# Microwave removal



## bazzeruk (Sep 11, 2010)

Can anyone throw any light on how to remove the microwave that is housed in the cupboard above the fridge on my 924F please?

I have released the holding strap, but it only comes halfway out before I feel something holding it.

Cheers


----------



## josieb (Jan 20, 2008)

I think you will find it is not a standard fit, so you might have to find out who fitted it to find out how it was put in.


----------



## spykal (May 9, 2005)

Hi

It might be the power cable ... 


Mike


----------



## tulsehillboys (Jul 22, 2010)

I has to be plugged in somewhere so that is definitely the best guess!


----------



## Zebedee (Oct 3, 2007)

Is it tight in the hole as you try to remove it?

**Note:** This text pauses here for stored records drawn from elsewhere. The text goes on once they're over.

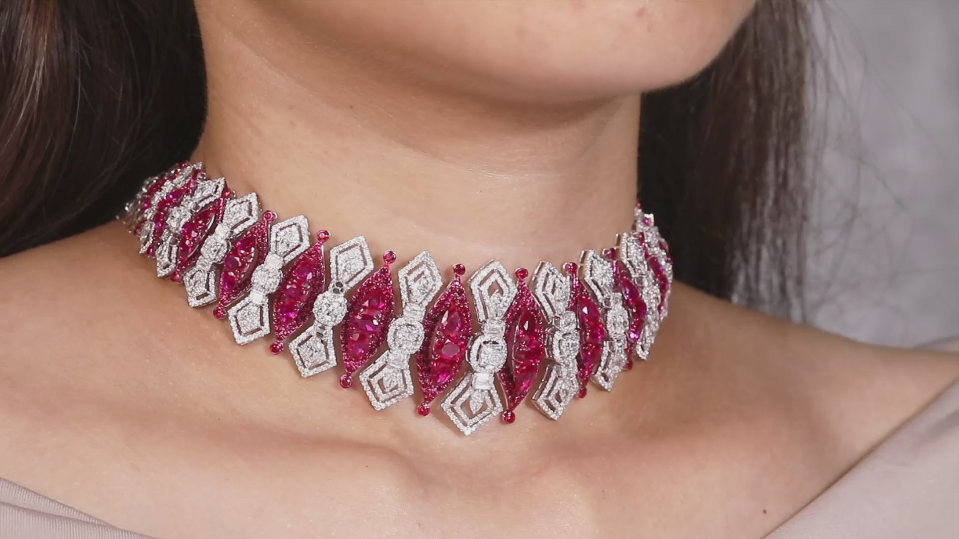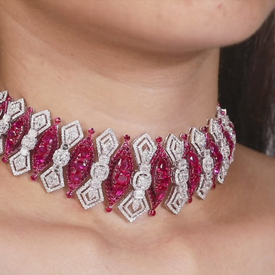 Expertly crafted to perfection, our Art Deco Ruby & Diamond Necklace is a rare piece of high jewelry. Boasting a stunning combination of rubies and diamonds, this necklace exudes luxury and sophistication. Elevate your style and make a statement with this exquisite necklace.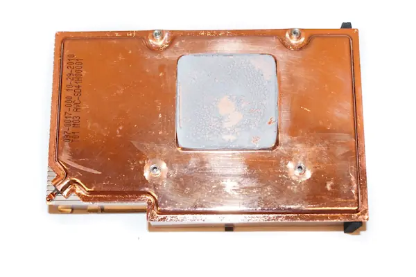En esta toma por el reverso, podemos ver en la esquina inferior izquierda la punta por donde fue cargado de gas el sistema de refrigeración. Base completamente de cobre y que viene acompañada de la ya clásica pasta de tipo seco, en adecuada cantidad.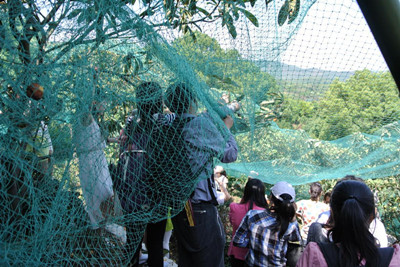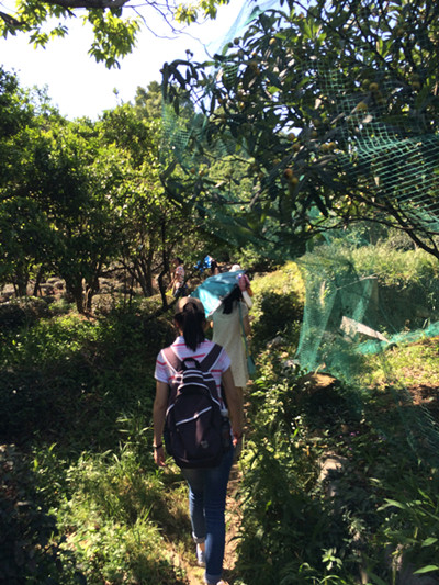 驱车近一个半小时,大家终于来到了目的地――西山缥缈村。在用过午餐稍作休息后,大家便跟着当地村民从一条山间小径向缥缈峰迈进。很多同学一直生活在城市中,这么近距离地接触山野田园的机会屈指可数,他们对两边的植物充满了兴趣。大家争先恐后向村民询问,村民则一一讲解。遇到同学们常吃的杨梅、板栗等,村民还特别给大家指认,并介绍它们的生长周期、采摘后的加工方法等。由于山路为村民自开,又有青苔覆盖,有些地方湿滑而陡,同学们一个个手拉手,互帮互助,向上攀行。走在队伍前面的同学不时回过头来向后面同学报告路况,后面的同学也高声喊话鼓励前面同学。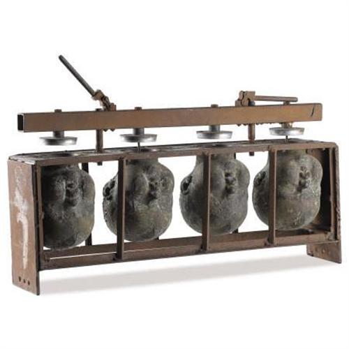 <B>A Set of Iron Molds<BR></B></I>Unknown maker<BR>Nineteenth Century<BR>The metal frame holds moulds for four doll heads with a bar that clamps down to seal<BR>Unmarked<BR>15 inches high x 28.7 inches wide x 5.7 inches deep<BR><BR><b>Shipping:</b> Requires 3rd Party Shipping (<a target="_blank" href="http://www.heritageauctions.com/common/shipping.php">view shipping information</a>)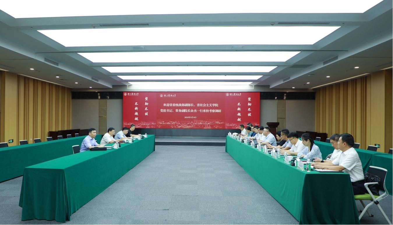 朱斌對余杰一行來校考察調研表示歡迎,對省委統戰部和省社會主義學院一直以來對學校的關心支持表示感謝。在介紹了近年來學校事業發展基本情況后,朱斌指出,學校黨委高度重視統一戰線工作,積極發揮了民主黨派和統戰團體在助力高水平大學建設、服務地方鄉村振興等大局中獨特優勢和作用,形成了良好的工作局面和實踐創新經驗,希望省委統戰部、省社會主義學院能夠一如既往地關心指導學校建設發展和統一戰線工作。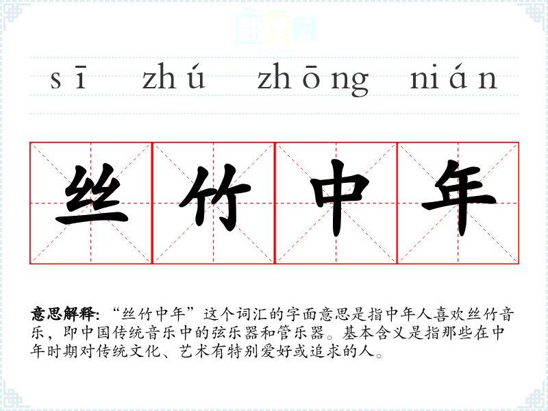 “丝竹”一词源自**古代对弦乐器和管乐器的统称,如古筝、笛子等。随着时间的推移,“丝竹中年”这个词汇逐渐被用来形容那些在中年时期对这些传统乐器有特别爱好的人。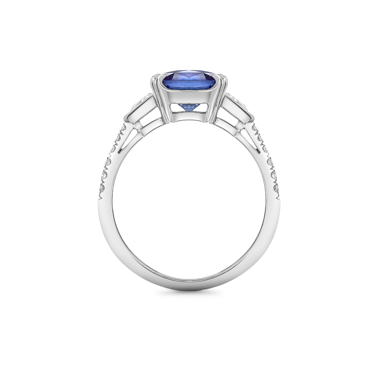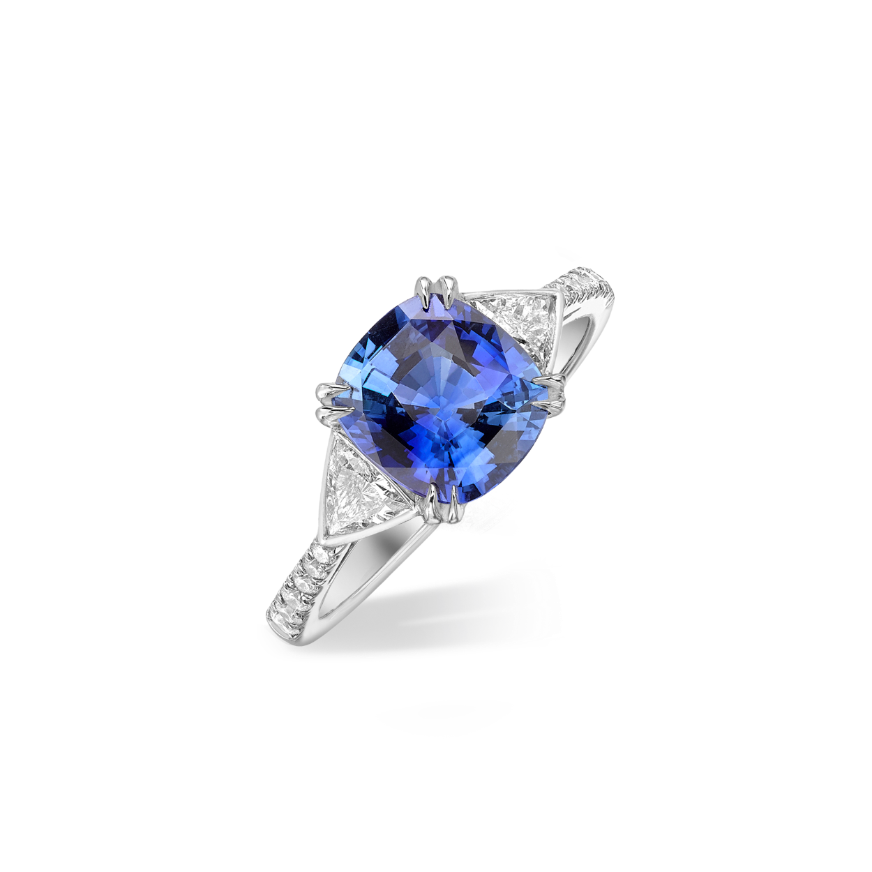 Clean lines! A stunning cushion cut Ceylon sapphire mounted with double talon claws and rubover set trillion diamonds accented with microset diamonds on the shank.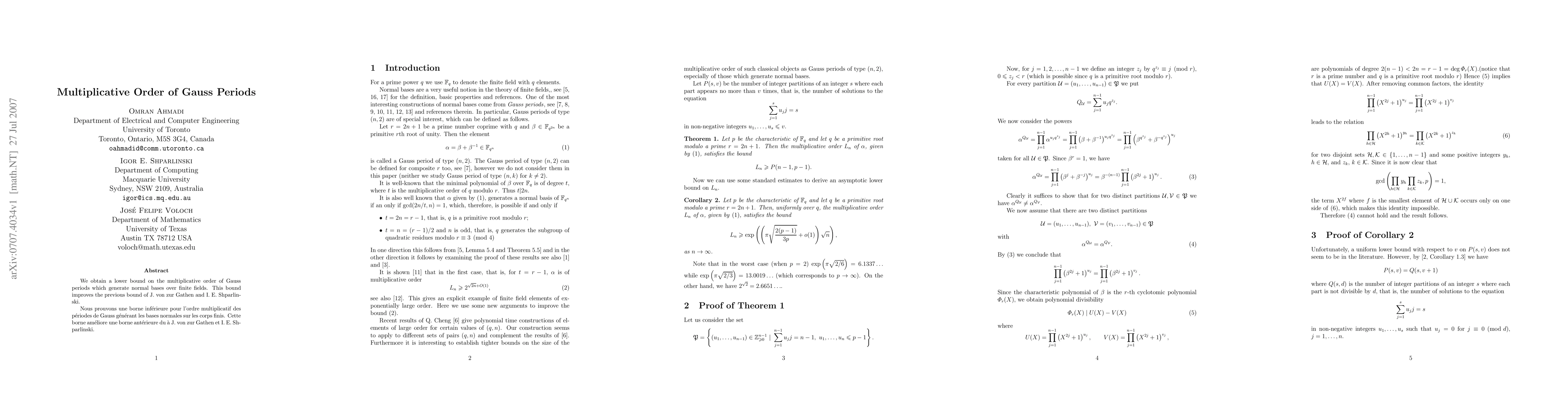 Researchers found a lower bound on the multiplicative order of Gauss periods that generate normal bases over finite fields, improving previous results.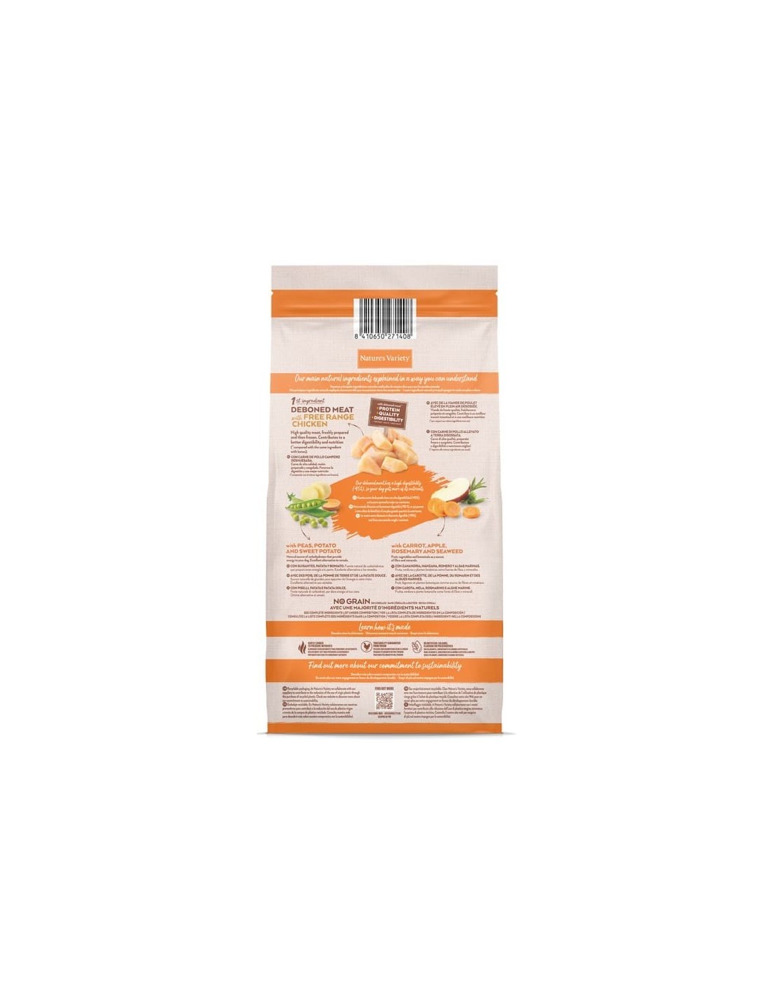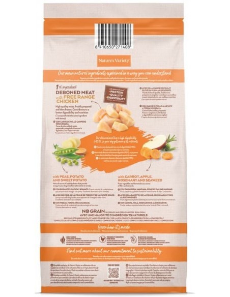 Carne de frango criado ao ar livre desossada* (30%), proteína desidratada de frango (22%), ervilhas desidratadas* (12%), grão de bico desidratado* (5,5%), amido de ervilha*, gordura de aves* (5%), batata doce desidratada* (4%), hidrolisado de proteína (3,5%), fécula de batata*, fibra de ervilha*, raiz de chicória desidratada*, substâncias minerais, cenoura desidratada* (0,5%, equivalente a 4% de cenoura fresca), brócolos desidratados* (0,5%, equivalente a 4% de brócolos frescos), maçã desidratada* (0,3%, equivalente a 2% de maçã fresca), alga desidratada* (0,01%), alecrim desidratado* (0,01%).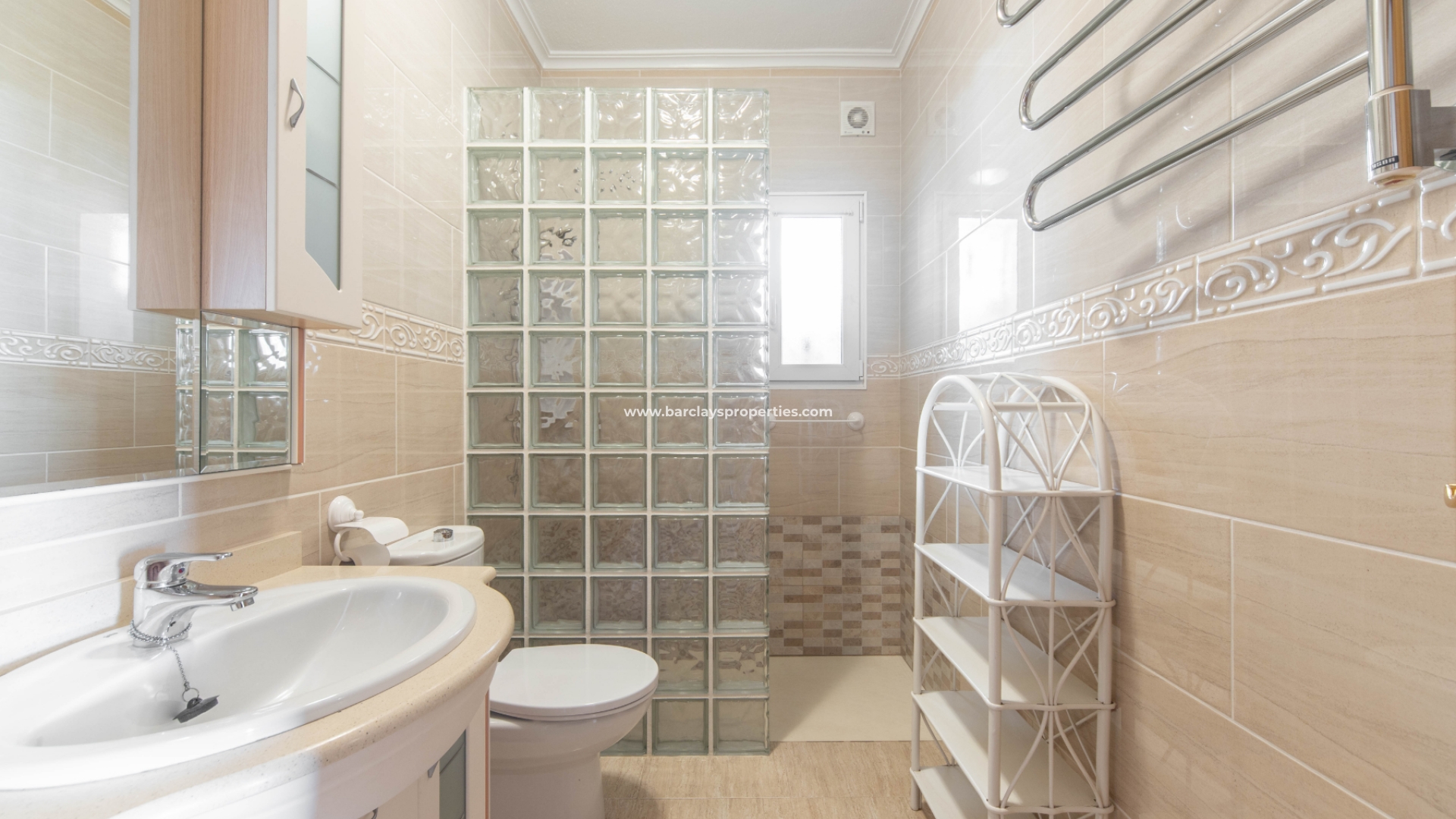 Terug naar het interieur van het huis, de resterende kamers zijn een familie badkamer met douche, wastafel en toilet met vloerverwarming, drie dubbele slaapkamers allen met airconditioning en inbouwkasten en de master heeft een en-suite badkamer met inloopdouche met bakstenen design en wederom vloerverwarming.

Ours was OK when the van was new, but the plastic trim around the orifice has shrunk a bit and it's a pig to get the microwave out now.

The "lumpy bits" underneath foul, and it comes to a stop half way out. Fortunately I had it out when it was easy, so I realised what was wrong and a bit of brute force got it out this time.

Dave


----------



## cabby (May 14, 2005)

Ah yes, brute force, now was that the spray version or the solid in a tin version.is it cheaper at lidl or asda.
    

cabby


----------



## GerryD (Sep 20, 2007)

cabby said:


> Ah yes, brute force, now was that the spray version or the solid in a tin version.is it cheaper at lidl or asda.
> 
> 
> cabby


I always go double handed; Brute force and Ignorance!!!
:lol: :lol: :lol: :lol: 
Gerry


----------



## bazzeruk (Sep 11, 2010)

I know this was a long time ago, but it was indeed the power cable, which is accessed via the fridge grille in case anyone else has the same issue - sorted, thankyou.


----------